Side Dish Recommendations
Serve alongside crusty sourdough bread or garlic focaccia for dipping and textural contrast. Mixed green salad with lemon vinaigrette provides fresh, crisp contrast to the soup’s richness. Roasted vegetables like Brussels sprouts, carrots, or asparagus add color and complementary earthy flavors. For a heartier meal, pair with quinoa pilaf or wild rice seasoned with herbs.
Complete Meal Ideas
Start with this soup as an elegant first course before herb-crusted salmon or roasted chicken thighs. For vegetarian dinners, follow with stuffed portobello mushrooms or eggplant parmesan. The soup also works beautifully as a light lunch with grilled cheese made with artisanal bread and aged cheddar. For entertaining, serve small portions in shot glasses or small bowls as an appetizer before dinner parties.
Occasion Suggestions
Perfect for cozy autumn dinners, holiday entertaining, or romantic date nights at home. The elegant presentation makes it ideal for dinner parties or special occasions, while the simple preparation works great for weeknight comfort meals. Serve it for Sunday family dinners or meal prep for sophisticated work lunches throughout the week.
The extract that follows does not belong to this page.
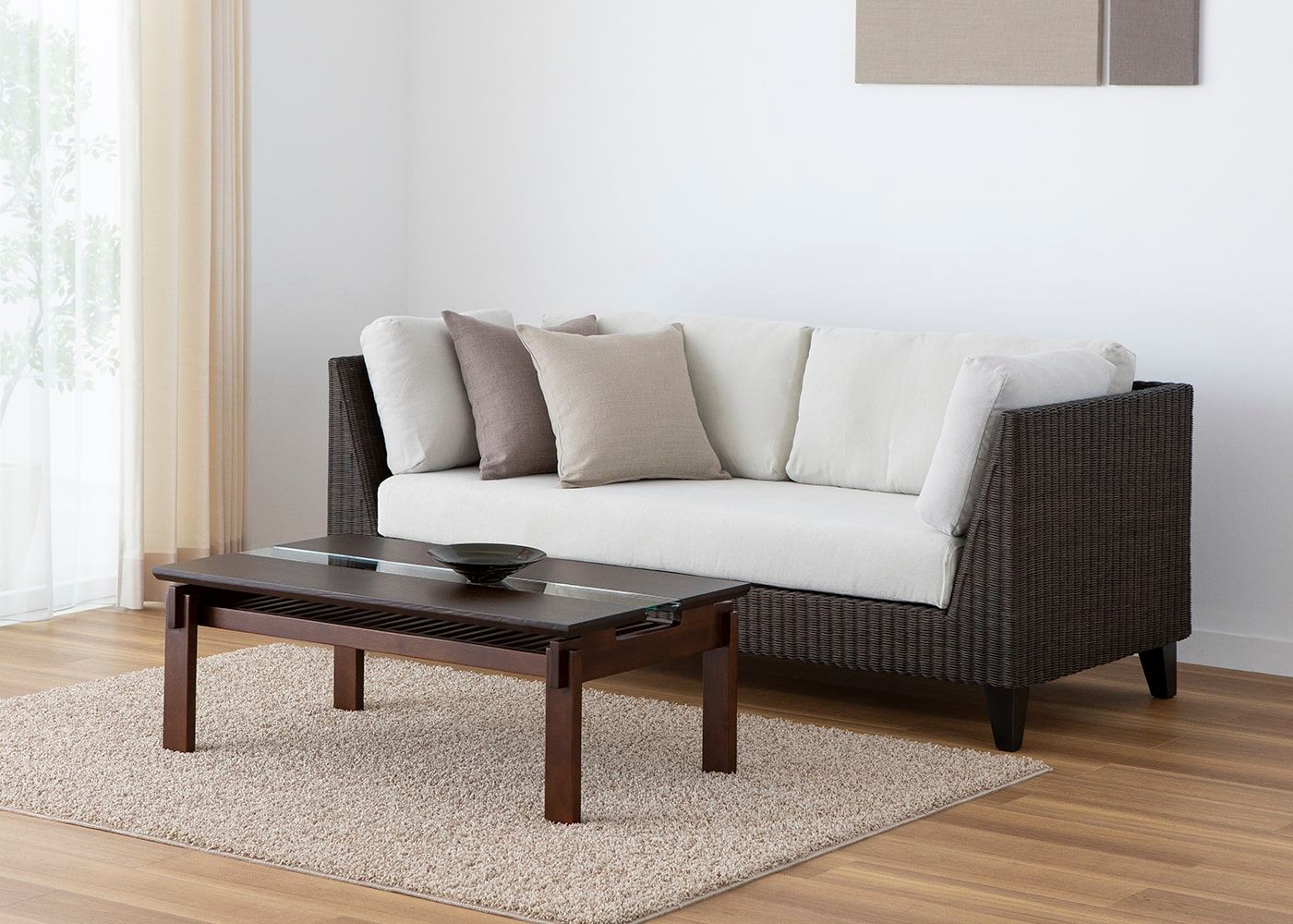 ローテーブルは1000 高さ330タイプ、ソファは幅1800mmの2.5人掛け

Pro Tips and Troubleshooting
Professional Cooking Techniques
Don’t rush the onion cooking process – properly caramelized onions create the flavor foundation that makes this soup restaurant-quality. When adding the cream, reduce heat to low and add it gradually while stirring to prevent curdling. If the soup does curdle, immediately remove from heat and whisk vigorously, or use an immersion blender to re-emulsify. Taste and adjust seasoning at the very end, as the flavors concentrate during simmering.
Storage and Reheating
Store leftover soup in the refrigerator for up to 4 days in airtight containers. The flavors actually improve overnight as they meld together. Reheat gently over low heat, stirring frequently to prevent the cream from separating. Add a splash of extra bouillon or plant-based milk if the soup has thickened too much during storage. Freeze portions for up to 3 months, but note that cream-based soups may separate slightly when thawed – simply whisk or blend to restore smooth texture.
Make-Ahead Strategies
Prepare the mushroom and onion base up to 2 days ahead, storing it covered in the refrigerator. When ready to serve, reheat the base and add the cream and bouillon, simmering as directed. The soup can be completely made 4-6 hours ahead and kept warm in a slow cooker on low heat, stirring occasionally. Fresh garnishes like thyme, lemon, and cheese should always be added just before serving for the best flavor and presentation.
Recipe Scaling
This recipe doubles or triples easily for entertaining – just use a larger pot and increase simmering time by 5-10 minutes for larger batches. For single servings, halve all ingredients and use a smaller saucepan, reducing cooking times slightly. Presentation tip: Serve in warmed bowls and drizzle with good olive oil for restaurant-style plating.
This creamy mushroom soup with lemon and thyme proves that the most satisfying meals often come from the simplest ingredients treated with care and attention. The combination of earthy mushrooms, aromatic herbs, and bright citrus creates a bowl of pure comfort that feels both familiar and sophisticated, making it the perfect addition to your repertoire of go-to recipes that never fail to impress.